# Best Black Paint Polish



## PHOTOGOAT (Feb 17, 2006)

This may be a repeated question. 

Those of you who own the PBM GTO's, what polish has worked the best for ya? I have used a few different types on my other vehicles with varied results. This is the first car I've owned in black and I have read that the PBM from the Aussie's can be.......lets say 'fragile'..

Any thoughts?


----------



## GTO1_OHIO (Oct 10, 2005)

Tropi-Care TC-3

http://www.tropi-care.com/


----------



## Jeffs386 (Nov 1, 2005)

ZAINO


----------



## SgtGeek (Apr 30, 2005)

Hahaha...I see the Zaino boys done beat me too it
Key to a red or black car is the prep work...not the brand of wax/polish you use.....
Claybar or light compound is the key.....Claybar is what I use...from there you can use Turtle Wax/MaGuires or Zaino if you wish...but the key is the 1st step...and that is the above man.....


----------



## k1200lt (Jan 18, 2006)

Klasse All-In-One followed by Klasse High Gloss Sealant Glaze, the show car's secret weapon :cool
Looks like a mirror, needs no buffing and stays put for 6 months!


----------



## b_a_betterperson (Feb 16, 2005)

I'd prep the paint first with a clay bar, polish with Klasse All In One (red jug) then seal with Klasse Sealant (silver jug). Lots of folks like Meguiar's and Zaino, too.

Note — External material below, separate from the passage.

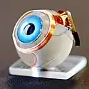 The most successful function-replacing artificial eye so far is actually an external miniature digital camera with a remote unidirectional electronic interface implanted on the retina, optic nerve, or other related locations inside the brain. The present state of the art yields only partial functionality, such as recognizing levels of brightness, swatches of color, and/or basic geometric shapes, proving the concept's potential.[23]

Basically, Geek, K, Jeff and me are pretty much on the same page.


----------



## PHOTOGOAT (Feb 17, 2006)

Thanks for all the replys! After reading up on the clay bar treatment, I think it's a good place to start. I just want to get the paint sealed up before the hot sun comes around. But before I can, there are a few water spots and spider webs in the paint that need attention.

Thanks again guys!:cheers


----------